Scott Hodge


Looking Back Before Looking Ahead

Jan 4, 2011

First of all, let me officially say, “Happy New Year!” I truly hope this is a great year for you and yours.

One of the most valuable things I do each year is to take time on the first day or two of January reflecting back on the previous year.  It’s something I’ve been doing now for about four or five years and although it is a bit time consuming, slowing down and being intentional about this has been one of the most beneficial things I do all year.  Here’s what it looks like for me.

SPACE & TIME - I set aside about 5-6 hours (preferably uninterrupted) in a quiet space.  This year, I ended up having to break the time up over three days, which was not ideal.

RECORDS – I put in front of me: my journals from the year, my blog, and my personal calendar.

DOCUMENTING – The next thing I do is open up a fresh journal and record key moments and events that I felt had any sort of meaningful impact on me over that year.  I begin with January and browse through my records – creating bullet points and a brief description of key “earmarks”.  Sometimes they will be quotes from my journal, a mention of a trip taken, a key conversation that impacted my thinking, things I prayed about, felt God speaking to me about, etc…

THEMES/BIG IDEAS – After documenting the entire year, I begin to go back through to start looking for and identifying themes, key ideas, patterns, changes in thinking, answers to prayer, areas that have improved, and in some cases areas that haven’t

POSITIVES/NEGATIVES – This year I started doing something I’ve never done before.  As I went through and looked at the major themes and ideas, I put a “+” or “-” symbol next to each one, indicating which of those seemed to have had an overall negative or positive impact on my soul at the time.  (Ultimately, there is no real way to judge this since over time we often end up seeing negatives as positives and vice versa…  But it does help me see and understand why there may have been seasons I felt depleted, depressed, or discouraged….or others where I felt energized and strengthened.  Identifying patterns or rhythms is important!)

GRATITUDE – Through this process, there almost always comes a point where my heart swells with an immense amount of gratitude and thanksgiving for what God has done in my life and in the lives of those I love and lead.  So I take time in the midst of this reflection to offer thanksgiving and gratitude to God.

QUESTIONS – At the very end, I’ll take some time to journal and write my response to a handful of questions that I’ve borrowed from Michael Hyatt:

If the last year were a movie of your life, what would the genre be?

What were the two or three major themes that kept recurring?

What did you accomplish this past year that you are the most proud of?

What disappointments or regrets did you experience this past year?

What was missing from last year as you look back?

What were the major life-lessons you learned this past year?

LOOKING AHEAD – By the time I’m done with all of the above, I’m usually pretty overwhelmed and just need time to digest and process it all.  So my first week or two of January is spent praying,  thinking, and setting goals for the year ahead.  Then comes the personal adjustments and changes that are needed to help me move towards those goals.

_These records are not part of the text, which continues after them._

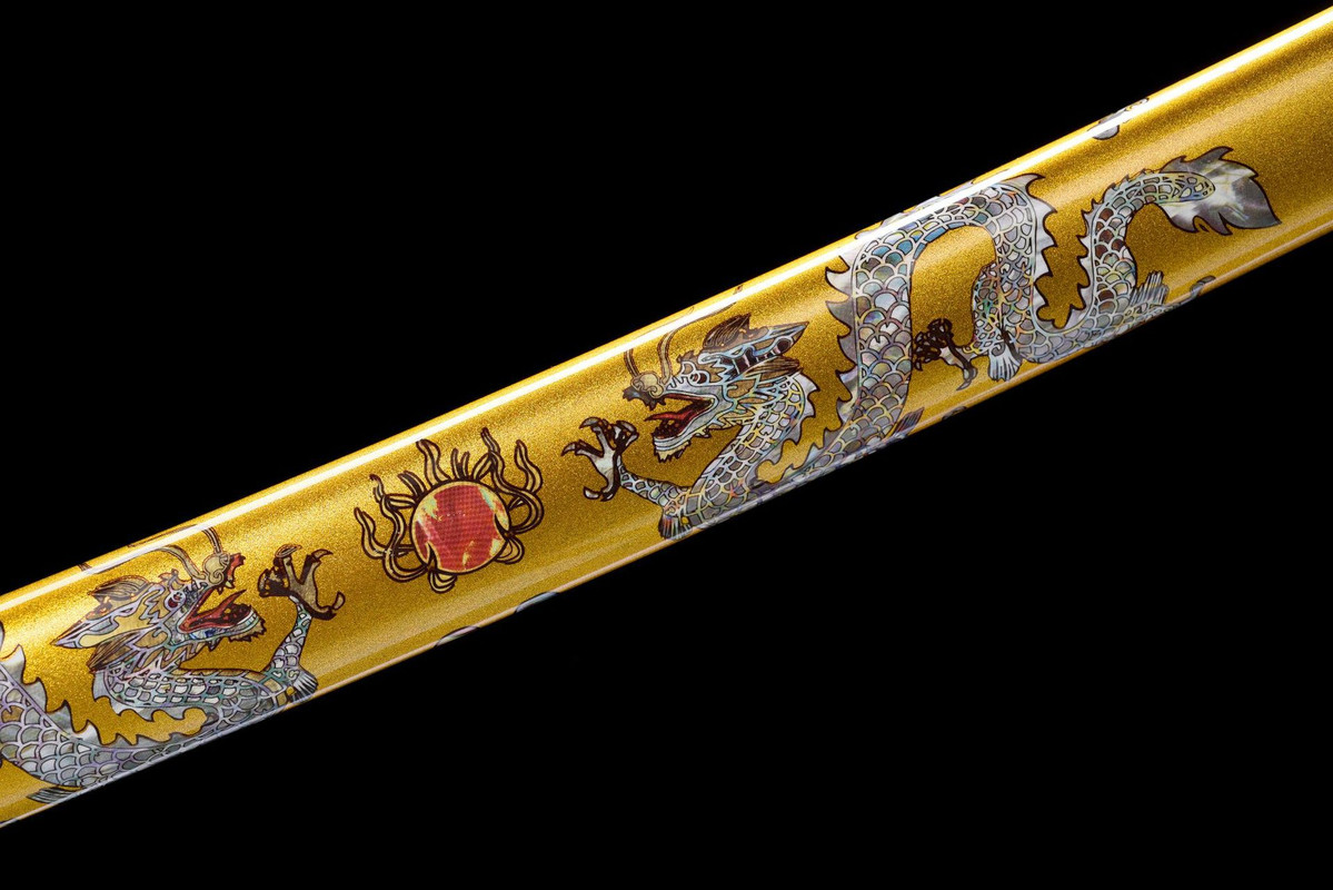 Medium carbon steel hand-slotted, 【Craftsmanship】Longquan ancient craftsmanship, hand-polished 12 times, 【Equipment】: Alloy + copper knife holder, 【Specifications】: Total length 103 cm, blade length 71 cm, handle length 26 cm, width 3.2 cm, thickness 0.7 cm 【Sheath】: Solid wood with dragon lacquer sheath
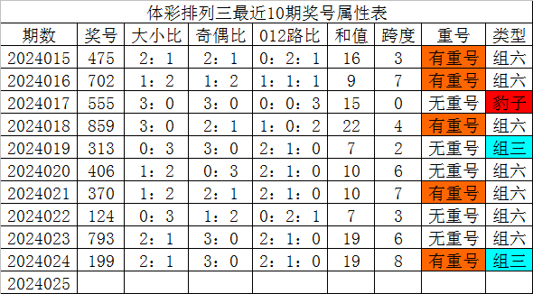 体彩排列三最近10期分别开出奖号:475、702、555、859、313、406、370、124、793、199,各奖号属性详见下表:
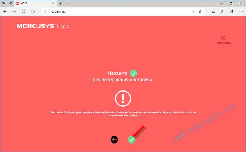 Подключаемся заново, нажимаем на кнопку «Подключено» и «Завершить». После чего попадаем в веб-интерфейс роутера.Настройка Mercusys AC10 завершена!

That’s pretty much it!  Tweaking and improving on this process seems to be on-going, so this is certainly not a formula.  It’s just what seems to work for me at this juncture.

What about you?  Do you take time to reflect back on each year?  If so, I’d love to hear what your process currently looks like.  Please share!

4 Responses to “Looking Back Before Looking Ahead”

  1. [...] This post was mentioned on Twitter by Scott Hodge and Dawn Bryant. Dawn Bryant said: A fantastic approach to reflecting on the past thanks to @scotthodge: [...]

  2. dianne says:

    thanks! i’ve been looking for something like this, a guideline for reviewing the previous year. i too find it’s a process that takes me at least a week or two before i’m settled in and focused forward into the new year.

  3. Eric Kieb says:


    Thanks so much for sharing.

    I have a few questions. How do you “journal?” do you have one book that is a “catch all?” or do you have somthing that is personal and one vocational, of you will? I notice that their are two colored Moleskines in the pic. Are these yours?

    I ask this simply as a point of info. I use Moleskines for everything, sermon prep, meeting minutes, personal journal, and a reporter notebook to capture quick thoughts. Sometimes they feel so spread out so I was just wondering if yours were more centralized

    My journal for example is my personal space to dream, rant, rave, and work through stuff, so I wouldn’t want it laying out at a meeting for example.

    Anyway, hope this makes sense. Any advice would be helpful and appreciated.

    Love Wins,


  4. Scott Hodge says:

    Hi Eric, I’m primarily using one journal for everything. I also use Evernote to keep quotes, ideas, etc… Happy New Year!